# EXERCISE AIM
Go through the material below line by line and count those containing "last". Write the count and nothing more.

════

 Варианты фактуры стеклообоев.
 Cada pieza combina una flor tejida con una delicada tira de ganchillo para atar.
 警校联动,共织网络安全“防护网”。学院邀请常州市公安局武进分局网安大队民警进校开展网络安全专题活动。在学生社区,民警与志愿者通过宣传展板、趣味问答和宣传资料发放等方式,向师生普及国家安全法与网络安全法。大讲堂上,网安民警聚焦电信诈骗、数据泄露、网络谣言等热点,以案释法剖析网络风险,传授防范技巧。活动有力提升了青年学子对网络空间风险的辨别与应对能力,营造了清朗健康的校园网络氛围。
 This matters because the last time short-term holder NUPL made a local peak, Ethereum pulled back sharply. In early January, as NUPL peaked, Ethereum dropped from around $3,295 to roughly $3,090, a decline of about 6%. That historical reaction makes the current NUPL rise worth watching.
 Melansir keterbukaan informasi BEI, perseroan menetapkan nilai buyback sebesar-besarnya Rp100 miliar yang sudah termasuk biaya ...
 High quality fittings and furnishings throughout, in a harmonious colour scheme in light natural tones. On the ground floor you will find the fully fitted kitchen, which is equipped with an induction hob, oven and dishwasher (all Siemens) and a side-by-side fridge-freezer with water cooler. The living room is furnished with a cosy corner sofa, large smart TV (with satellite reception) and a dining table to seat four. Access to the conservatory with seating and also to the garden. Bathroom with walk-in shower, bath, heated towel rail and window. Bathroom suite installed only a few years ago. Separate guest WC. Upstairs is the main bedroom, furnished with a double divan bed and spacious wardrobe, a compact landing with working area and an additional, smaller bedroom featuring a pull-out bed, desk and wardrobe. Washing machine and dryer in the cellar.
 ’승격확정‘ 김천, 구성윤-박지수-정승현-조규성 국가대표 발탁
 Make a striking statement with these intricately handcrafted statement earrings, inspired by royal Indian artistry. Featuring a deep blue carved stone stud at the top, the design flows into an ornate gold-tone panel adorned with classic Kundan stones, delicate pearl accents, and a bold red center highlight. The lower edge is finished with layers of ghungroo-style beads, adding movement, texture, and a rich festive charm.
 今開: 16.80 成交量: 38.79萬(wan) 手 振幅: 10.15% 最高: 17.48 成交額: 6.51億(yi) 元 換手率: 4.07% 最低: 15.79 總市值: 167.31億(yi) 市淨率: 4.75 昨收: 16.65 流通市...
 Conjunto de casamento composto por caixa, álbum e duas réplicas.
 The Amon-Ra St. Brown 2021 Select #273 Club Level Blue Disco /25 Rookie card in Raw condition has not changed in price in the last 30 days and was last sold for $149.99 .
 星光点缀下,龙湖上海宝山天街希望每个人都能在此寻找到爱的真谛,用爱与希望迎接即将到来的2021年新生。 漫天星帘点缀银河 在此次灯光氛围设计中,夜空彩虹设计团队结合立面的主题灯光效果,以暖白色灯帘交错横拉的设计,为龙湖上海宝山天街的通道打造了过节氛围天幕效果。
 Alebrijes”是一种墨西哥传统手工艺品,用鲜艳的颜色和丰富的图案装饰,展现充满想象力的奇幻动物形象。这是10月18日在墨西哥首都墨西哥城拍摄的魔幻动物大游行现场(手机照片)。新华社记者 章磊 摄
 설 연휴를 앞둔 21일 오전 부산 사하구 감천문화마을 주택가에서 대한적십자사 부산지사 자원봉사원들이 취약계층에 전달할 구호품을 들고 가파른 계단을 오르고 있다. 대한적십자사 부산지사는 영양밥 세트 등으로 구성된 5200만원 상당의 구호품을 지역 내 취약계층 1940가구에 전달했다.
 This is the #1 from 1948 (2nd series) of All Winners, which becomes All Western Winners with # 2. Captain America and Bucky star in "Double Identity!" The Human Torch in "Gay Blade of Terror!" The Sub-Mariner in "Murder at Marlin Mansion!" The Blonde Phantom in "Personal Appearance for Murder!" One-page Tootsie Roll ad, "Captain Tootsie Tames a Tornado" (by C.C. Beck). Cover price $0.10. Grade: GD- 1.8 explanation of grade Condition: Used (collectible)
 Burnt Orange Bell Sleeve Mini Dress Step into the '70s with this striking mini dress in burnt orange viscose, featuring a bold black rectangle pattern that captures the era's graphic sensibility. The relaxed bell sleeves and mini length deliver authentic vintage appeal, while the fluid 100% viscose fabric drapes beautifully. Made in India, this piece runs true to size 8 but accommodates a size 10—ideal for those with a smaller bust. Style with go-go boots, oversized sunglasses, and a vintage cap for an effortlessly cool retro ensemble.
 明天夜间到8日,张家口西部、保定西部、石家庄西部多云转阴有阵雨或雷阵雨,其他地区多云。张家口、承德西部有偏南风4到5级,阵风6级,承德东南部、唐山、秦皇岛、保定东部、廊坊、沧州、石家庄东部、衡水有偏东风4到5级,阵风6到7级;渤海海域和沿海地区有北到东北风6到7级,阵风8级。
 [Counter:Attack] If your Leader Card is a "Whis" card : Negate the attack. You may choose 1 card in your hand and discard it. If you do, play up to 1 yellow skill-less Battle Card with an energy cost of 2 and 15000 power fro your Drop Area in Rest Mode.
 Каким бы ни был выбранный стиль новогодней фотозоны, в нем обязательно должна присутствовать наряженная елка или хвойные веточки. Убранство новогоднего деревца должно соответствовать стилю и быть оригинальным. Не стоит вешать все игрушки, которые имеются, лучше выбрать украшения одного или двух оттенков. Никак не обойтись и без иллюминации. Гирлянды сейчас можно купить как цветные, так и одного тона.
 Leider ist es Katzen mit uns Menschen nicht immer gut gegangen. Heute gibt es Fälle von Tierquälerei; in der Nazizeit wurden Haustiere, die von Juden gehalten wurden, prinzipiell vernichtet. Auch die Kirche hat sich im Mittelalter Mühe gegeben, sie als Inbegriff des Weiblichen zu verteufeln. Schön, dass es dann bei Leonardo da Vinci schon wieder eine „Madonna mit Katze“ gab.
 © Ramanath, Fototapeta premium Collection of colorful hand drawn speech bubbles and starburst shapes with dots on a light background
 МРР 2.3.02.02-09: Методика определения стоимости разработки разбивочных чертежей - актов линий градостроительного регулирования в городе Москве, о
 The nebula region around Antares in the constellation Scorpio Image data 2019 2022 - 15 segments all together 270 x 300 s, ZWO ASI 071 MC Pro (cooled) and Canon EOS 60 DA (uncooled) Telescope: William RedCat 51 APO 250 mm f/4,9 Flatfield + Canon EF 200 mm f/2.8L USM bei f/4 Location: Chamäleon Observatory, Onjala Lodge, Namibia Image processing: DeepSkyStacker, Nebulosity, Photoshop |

════

# PROBLEM SOLUTION
2